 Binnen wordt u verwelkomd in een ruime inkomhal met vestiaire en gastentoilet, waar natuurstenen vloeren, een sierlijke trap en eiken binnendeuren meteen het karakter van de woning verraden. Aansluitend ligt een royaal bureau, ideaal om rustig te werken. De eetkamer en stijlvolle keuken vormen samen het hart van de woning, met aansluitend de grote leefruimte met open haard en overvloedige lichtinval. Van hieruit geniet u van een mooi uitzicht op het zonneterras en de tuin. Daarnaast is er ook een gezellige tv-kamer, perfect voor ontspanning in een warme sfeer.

--

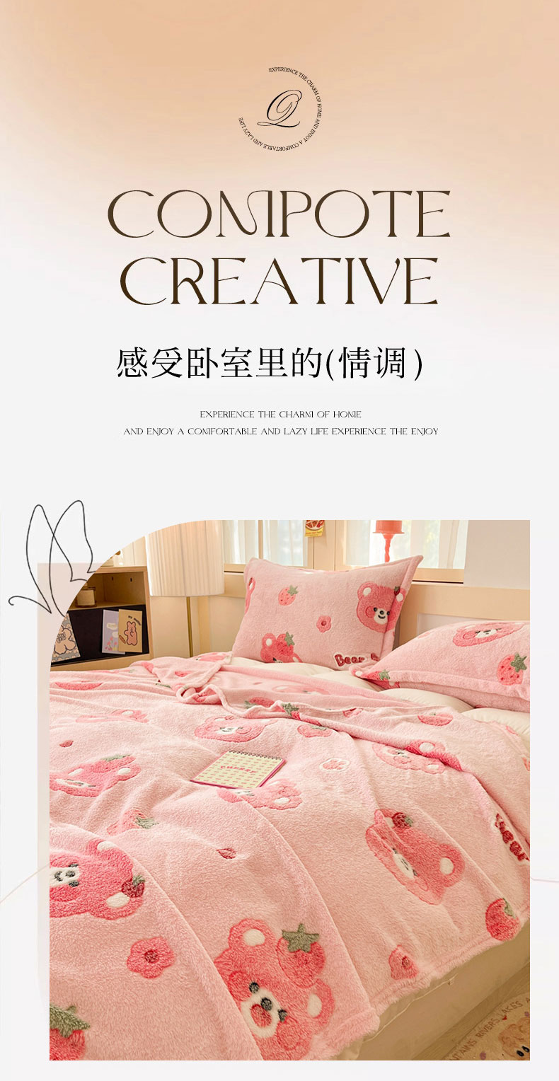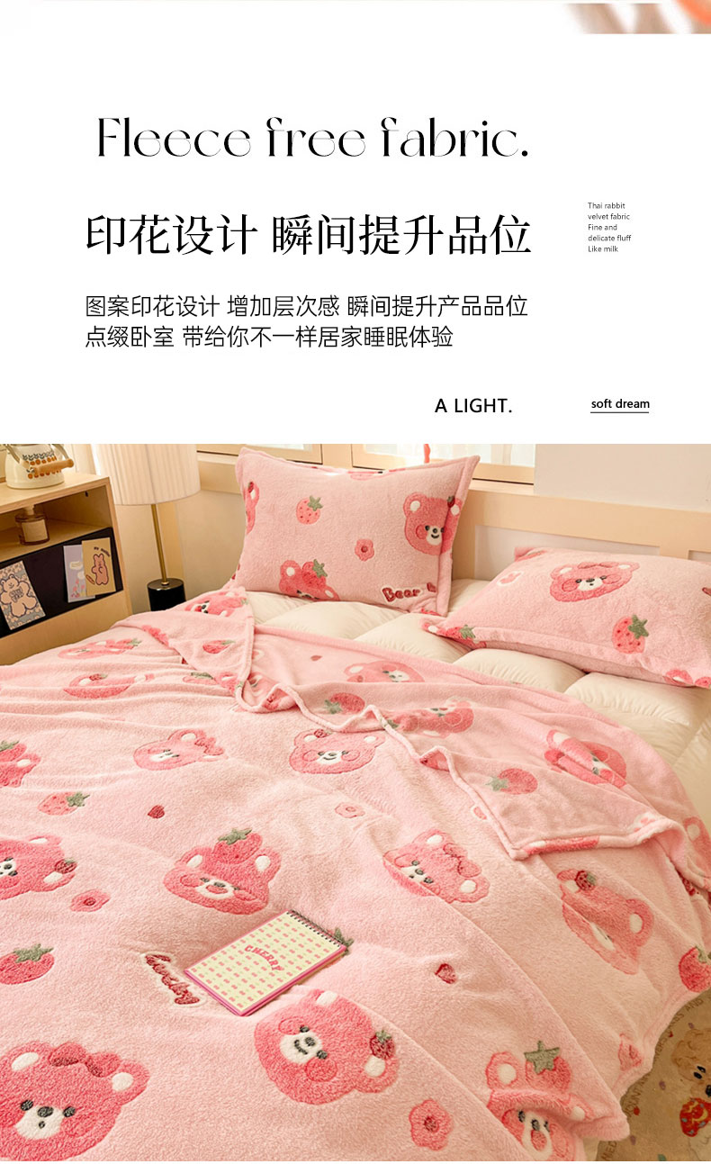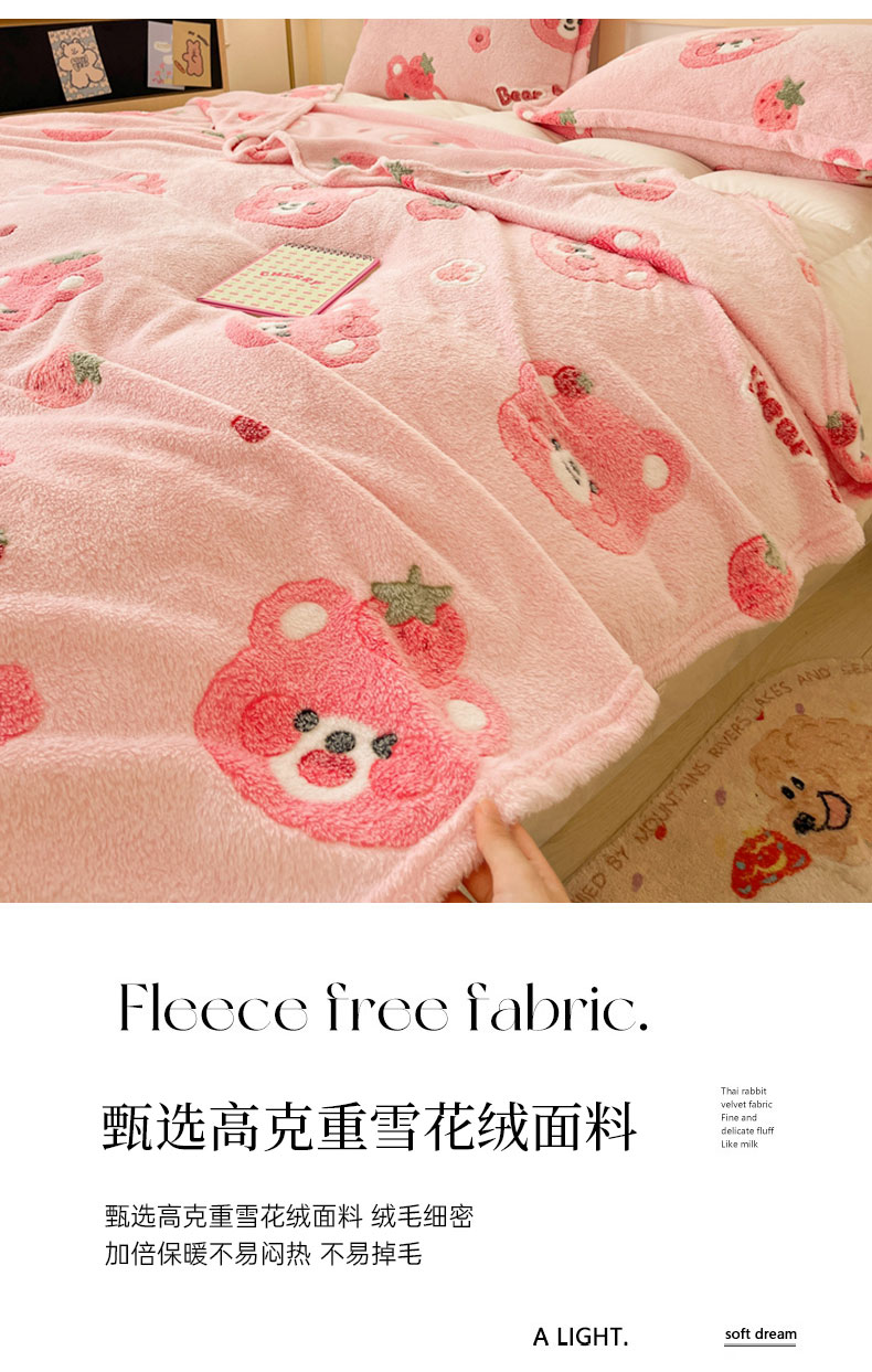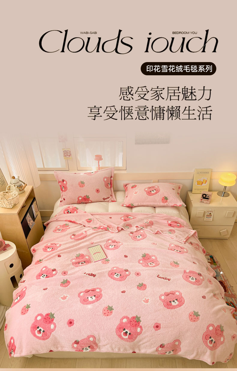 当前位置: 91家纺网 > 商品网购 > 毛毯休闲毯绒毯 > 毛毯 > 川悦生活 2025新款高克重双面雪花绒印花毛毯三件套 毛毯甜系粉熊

...

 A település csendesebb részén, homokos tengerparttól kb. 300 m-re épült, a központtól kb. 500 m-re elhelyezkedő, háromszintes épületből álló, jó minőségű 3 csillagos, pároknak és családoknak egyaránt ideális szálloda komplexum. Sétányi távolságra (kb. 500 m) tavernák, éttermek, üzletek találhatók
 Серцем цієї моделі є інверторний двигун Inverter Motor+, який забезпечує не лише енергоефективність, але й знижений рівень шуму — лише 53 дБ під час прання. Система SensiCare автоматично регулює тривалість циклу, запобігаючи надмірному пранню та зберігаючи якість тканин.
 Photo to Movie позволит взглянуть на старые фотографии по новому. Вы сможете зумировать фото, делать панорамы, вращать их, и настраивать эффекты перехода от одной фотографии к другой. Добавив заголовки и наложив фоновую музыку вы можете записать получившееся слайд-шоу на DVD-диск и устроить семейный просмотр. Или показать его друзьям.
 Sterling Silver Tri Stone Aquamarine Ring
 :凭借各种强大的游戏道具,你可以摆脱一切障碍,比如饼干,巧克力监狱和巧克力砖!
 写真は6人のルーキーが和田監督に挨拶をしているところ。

> _TO DO_: Copy out the range of lines above starting at the line with "A település csendesebb" and ending at the line with "Серцем цієї моделі", exactly and including both.

> _TASK ANSWER_:
 A település csendesebb részén, homokos tengerparttól kb. 300 m-re épült, a központtól kb. 500 m-re elhelyezkedő, háromszintes épületből álló, jó minőségű 3 csillagos, pároknak és családoknak egyaránt ideális szálloda komplexum. Sétányi távolságra (kb. 500 m) tavernák, éttermek, üzletek találhatók
 Серцем цієї моделі є інверторний двигун Inverter Motor+, який забезпечує не лише енергоефективність, але й знижений рівень шуму — лише 53 дБ під час прання. Система SensiCare автоматично регулює тривалість циклу, запобігаючи надмірному пранню та зберігаючи якість тканин.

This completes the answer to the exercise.